Concerning cultural competency, Lucita – 26 and from Mexico – told me, Doctors should try to make a cultural bridge with the Hispanic people. If any of them would say just 1 or 2 words in Spanish. Even if they just speak 2 words, I will feel much better, just because they try to use words to connect with us.
In populating their therapeutic landscapes with doctors who treated them with patience and respect, interviewees thought it was important both to avoid rude doctors – or counter their rudeness – and to actively seek kind and culturally competent care. In regard to the latter, a significant portion of the women I interviewed knew to avoid a certain large public hospital in Atlanta because it has a reputation for treating immigrants poorly, even if the service is relatively affordable. However, in being constrained by so many other factors, interviewees did not have the freedom to “shop around” for the perfect doctor. Instead many of them used boldness to, in a sense, demand respect and attention when they felt they weren’t receiving it. Many women proudly told me stories about how they stood up to doctors, which resulted in receiving better care. Dyanara, a 38-year-old mother of 3 from Mexico, described how she did this when she insisted on another nurse after the first nurse could not get a needle in her vein to draw blood during an appointment: When I was in for the cesarean, she [the nurse] pinched me here twice [trying to insert a needle]. I was working for a doctor and I learned how to do it [draw blood] in Mexico. I was telling her, “You’re wrong, you’re wrong.” And she told me, “Who has studied – you or me?” And I told her, “No, you don’t do it. Too many mistakes. Another nurse.” And I didn’t allow her. I already fight with the pediatrician – and he’s Hispanic, but he was very mean to me so now when he sees me, he’s, ‘Hi my lady – blah, blah, blah,’ and I’m sure he used to be ‘This woman!’ But that’s when I fight and defend myself and now he treats me with respect.
In light of the poor treatment the women I spoke with faced, it is evident how the therapeutic – in this case, receiving good medical care – can coexist with the non-therapeutic – in this case, the fear, mistreatment, and mental anguish that resulted. When these 2 things intermingle, a therapeutic landscape might be beneficial in the health sense but actually detrimental in a psychological and social sense, harkening back to Baer and Gesler’s 22 notion that therapeutic landscapes contain aspects that are not positive.

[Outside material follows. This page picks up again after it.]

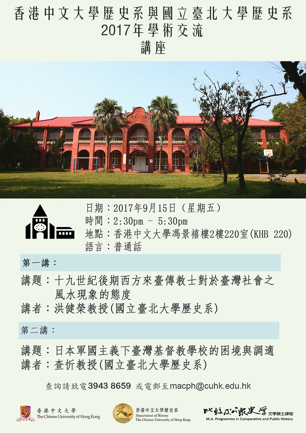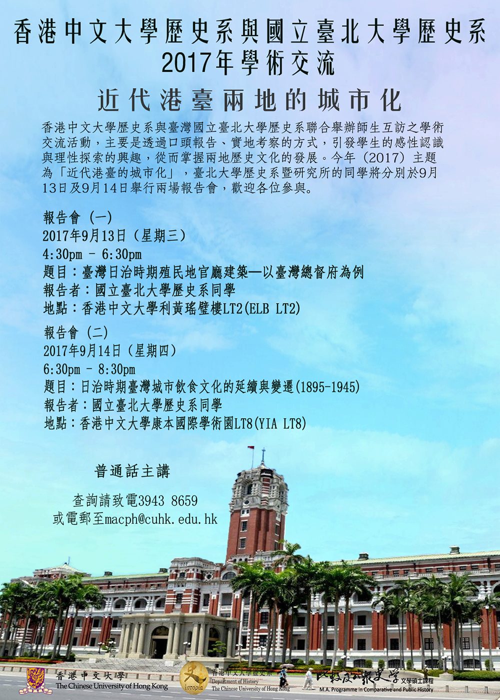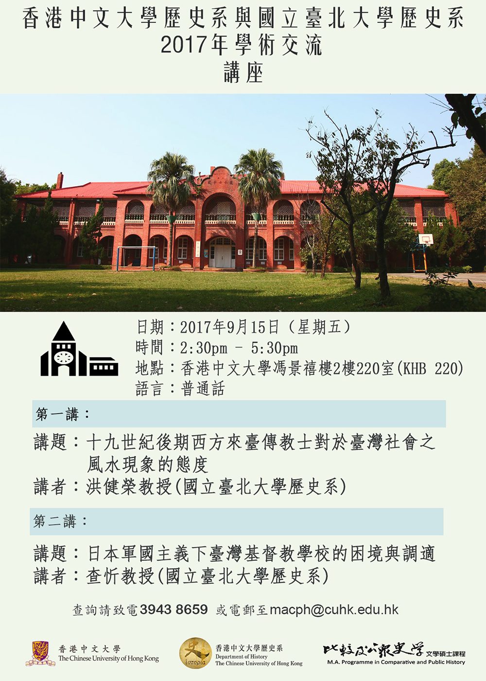 「香港中文大學歷史系與國立臺北大學交流」學術講座

However, many interviewees sought to reconcile the duality of the therapeutic and the non-therapeutic by seeking out doctors who would be kind, as well as exerting boldness and pushing back against doctors who were not.
Familiarity and Security
As is common with first-generation immigrants, the women I spoke with blended health care modalities from both their home countries and receiving communities.49,54 Interviewees communicated with family, friends, and health professionals from their home countries to obtain health knowledge and sometimes even medicine itself (before it became unlawful to do so), which was more affordable. Anita, who had no kids and was from Mexico, explained, I used to receive medicine like that [by mail], but now my mother cannot send me unless it’s with a person and the person is to have – at the airport – the prescription. Before, my mom, she sent me FedEx – now you cannot by FedEx.

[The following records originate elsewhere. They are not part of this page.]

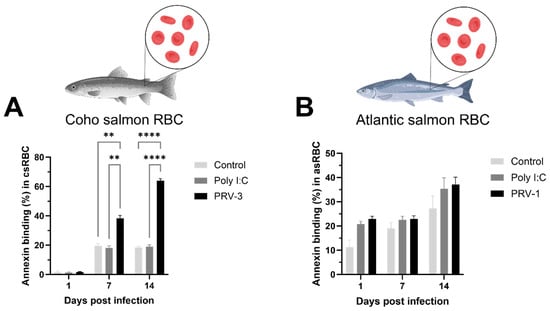 Annexin V binding in RBC ex vivo. (A) Percentage of Annexin V-positive cells in csRBC infected with PRV-3 and Poly I: C. (B) Percentage of Annexin V-positive cells in asRBC infected with PRV-1 and Poly I:C. Bars represent mean ± standard error for each treatment (n = 3) at 1, 7, and 14 dpi. Asterisks represent significant differences, represented as ** p < 0.01 and **** p < 0.0001, two-way ANOVA, Tukey’s post hoc analysis.
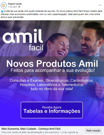 💙 Pra quem se cuida todos os dias. Conheça os planos Amil Fácil com condições especiais e ampla rede de atendimento.
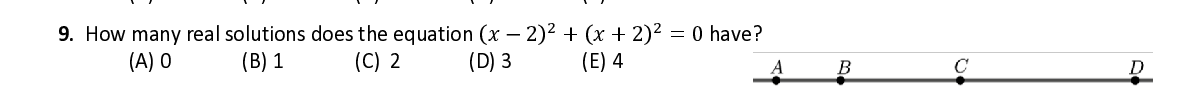 Q9. How many real solutions does the equation ( 푥 − 2 ) + ( 푥 + 2 ) = 0 have ?
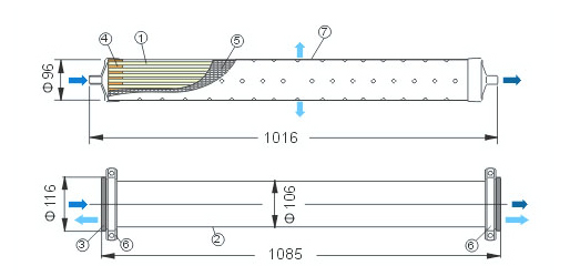 ①中空纖維膜 ②不銹鋼外殼 ③膜組件端蓋
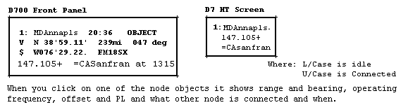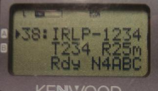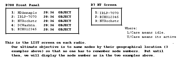 NODE OBJECTS: . As of 2007, we have made substantial progress on the first 5 items above. . Many Echolink, IRLP, D-STAR and WIRES nodes now appear on the air and most importantly on the front panel displays of mobiles and HT's as shown to the right on the D7 HT. These photos need to be taken again, since they are not showing the Frequency of the node which is also very important. The proper formatting of these objects is shown in the Echo-IRLP-Win.txt file.
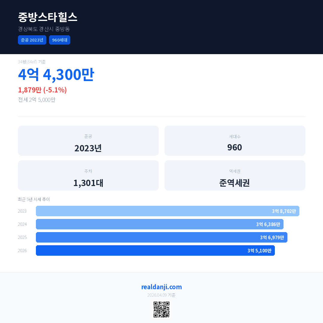 중방스타힐스 최근 거래가는 4억 4,300만입니다. (2026-03)

Many sought advice on natural remedies and relied greatly on certain herbs and foods – which varied from person to person depending on the country and region they were from – to maintain their health. The majority of interviewees who used these remedies purchased them in Mexican-owned and -run stores located in immigrant enclaves, such as the Buford Highway corridor, where they felt safe going. Herbal remedies were commonly used for reproductive health purposes. This excerpt of the conversation between Clara and my interpreter (both from Mexico) illustrates the familial sharing and importance of herbal health knowledge: Author: Do you follow the advice of friends or family? Clara: Yes, I do. For example, after the pregnancy, they say take basil seed, because all the air that gets in the stomach pregnancy – it helps you return to your size . . . Also, when I went into labor with my last one, my due date was past, so I needed to take epazote. Interpreter: [To me] It’s a very, very native herb. It’s a plant. It’s great. Also helps you with the menstruation, the monthly cramps. But you cannot take too much, because then you will . . . Clara: Abort. Well, miscarriage. There are some people who use this to miscarry. I used it because I wanted to give birth faster, so I did use that. Author: I didn’t know that. Can you buy this in stores? Interpreter: Yes! In the Mexican stores. I can show you. Clara: As a community, we follow the traditions of our ancestors and what our grandmothers tell us. For example, my grandmother said that the purple onion helps to take out the flames [heartburn].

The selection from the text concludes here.